By analogy, imagine you have two computers systems, each consisting of a printer, monitor, keyboard, the system unit, et cetera, of different makes. You are far more likely to find a new and better configuration by switching around these entire units of the computers, swapping round the monitors, or the modems, and so forth, until you find an optimal setup, then by swapping around the electronic components within the various units, taking a bit out of one monitor and putting it into a monitor of a different make. Biological systems are of course more robust than electronic gadgetry, but this analogy roughly conveys the idea.
The same effect also makes it more probable that a small translocation or duplication of one bit of a gene into another will produce a useful or at least a harmless result.
[edit] Alternative splicing
Another advantage of introns is that they open up the possibility of splicing the same primary transcript more than one way, treating regions of the primary transcript as introns or exons on a conditional basis.
For example, in the human gene for cardiac troponin T, the splicing depends on the state of development --- in a fetus, exon 5 is left in the mRNA; in adults, it is treated as an intron and snipped out.
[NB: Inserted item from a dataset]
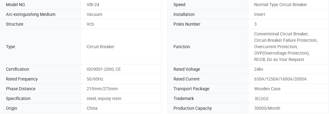 VBI-24-sivulle asennetun tyyppisen tyhjiöpiiri-dekantterilasterin toimintamekanismia käytetään jousen energiaan, jota voidaan käyttää kahdella tavalla, manuaalisesti tai sähköisesti. Ominaisuudet ovat GB1984-89: n, JB3855-96: n mukaisia, JB3855-96<10kv Indoor High Voltage Vacuum Circuit Breaker General Technical Specifications>, IEC56 -standardin asiaankuuluvat säännökset.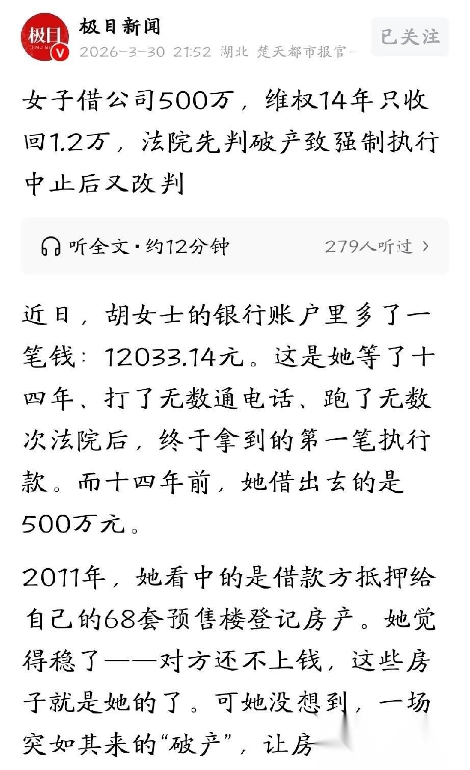 太讽刺了!黑龙江大庆,女子一时冲动,将全家的500万血汗钱借给某房地产公司,对方承诺四个月就还,给20万利息,要是拿不出现金,大批在建房源就直接拿去兜底。 账当初算得挺美,结果却是血本无归。 这官司一打就是整整十四年。 老姐四处奔波,好不容易赢了诉讼。本以为手里握着法院裁准的优选项,这笔巨额家财总算能落袋为安。 谁知开发商在这时候玩了手阴的。 欠债企业内部居然有人跳出来,主动申请破产清算。等这一大套繁琐冗长的司法程序走完,那些早就办过抵押备案的房子,人家背地里全给悄悄卖光了。 千万级别的身家砸进去,最后退到她手里的,只有可怜的一万两千多块钱。 这位老姐当初犯了个致命错:太迷信那些看得见的死物抵押,却低估了生意场上的狠毒。 她满脑子盘算的,是四个月赚二十万的静态死利息。人家开发商玩的,却是“左手倒右手”的资产隔离。老百姓拿毕生积蓄去跟这帮老油条对赌,哪来的公平?纯粹是赤裸裸的收割。 一家连执照早就作废的空壳公司,居然还能大肆圈钱。随便造出几笔糊涂账,就能堂而皇之地走合法通道逃避债务。 普通老百姓那点朴素认知,根本防不住这种漏洞百出的脱壳诡计。这套做局手法,跟十几年前坑害过无数家庭的P2P套路几乎一模一样。只要高薪回报的诱饵抛出来,后面必定埋伏着合法的深渊。 别拿活命的底线资金去赌别人的人性良知。 在复杂的商业算计里,外行以为坚如磐石的筹码,到了内行眼中,不过是随时能扔的破烂。 你拼尽全力去贪人家那点暴利分红,别人从开局的第一秒起,锁定的就是你碗底剩下的最后一点口粮。 对此,你怎么看?

Or consider the calcitonin gene. The splicing of the RNA depends on the sort of cell in which it's expressed. In the thyroid, it's spliced one way, so that the final protein product after translation is calcitonin; in the brain, the RNA is spliced another way, so that it produces CGRP ("calcitonin gene related peptide").[5]
In fruit flies, there is alternative splicing dependent on the sex of the fly. As you can see, then, there are a number of different conditions that can affect splicing, some of which may yet be unknown: for example, we are unaware of any case where alternative splicing is dependent on temperature, but we should not be at all surprised to learn of an instance of this.
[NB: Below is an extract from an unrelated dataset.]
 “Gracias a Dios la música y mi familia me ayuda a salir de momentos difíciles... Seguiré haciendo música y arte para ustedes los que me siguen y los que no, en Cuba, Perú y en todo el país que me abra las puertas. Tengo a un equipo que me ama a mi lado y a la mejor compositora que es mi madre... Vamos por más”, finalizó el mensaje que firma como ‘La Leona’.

The existence of alternative splicing explains what would otherwise be something of a puzzle. You may remember reading in the news that when scientists sequenced the human genome, they found fewer genes than they expected: and one reason that they were expecting more is that they already knew that there were more proteins than the number of genes they counted. This is readily explained by the alternative splicing of genes; in fact, there is evidence that most human genes that have introns are alternatively spliced[6].
[edit] Selfish DNA
Some introns may also be, to some extent, selfish DNA. Consider what happens when a translocation adds an intron to a gene, or an insertion increases the length of an existing intron. Because the intron is going to be removed from this transcript, this shouldn't affect protein function.
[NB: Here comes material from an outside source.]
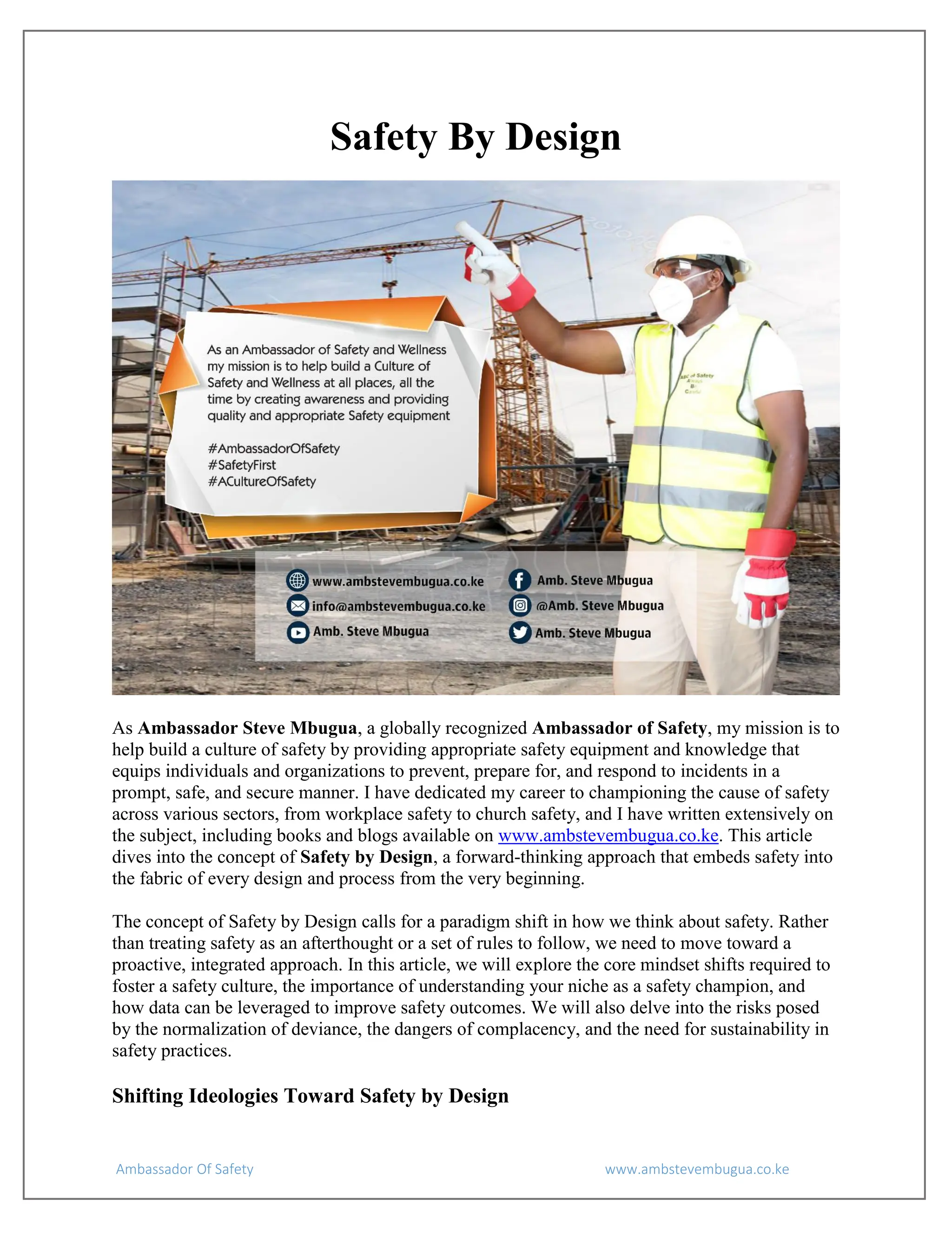 Steve Mbugua, a globally recognized safety ambassador, advocates for the concept of 'safety by design', which integrates safety into every stage of design and operation to proactively prevent incidents. The document emphasizes the importance of understanding niche-specific risks, utilizing data to enhance safety practices, and combating complacency and the normalization of deviance to maintain a robust safety culture. Mbugua encourages organizations to embrace this proactive approach, invest in training, and continuously adapt safety practices for long-term sustainability.

It will come at a slight cost to the organism, because it adds nucleotides to the DNA that have to be copied in DNA replication; and also it adds ribonucleotides to the mRNA that gets transcribed, and these processes have a metabolic cost. However, considering the vast number of nucleotides already being copied and transcribed, the difference is minimal, and this cost would be almost invisible to natural selection. Such near-neutral mutations can therefore survive in the gene pool, and may go on to be fixed in the gene pool by genetic drift.
Note that these explanations of the role of introns are not exclusive: some introns facilitate alternative gene splicing, some introns, although not alternatively spliced, may still enhance the outcomes of recombination by dividing the gene into exons coding for domains, and some may be there for no particular reason except that natural selection permits it.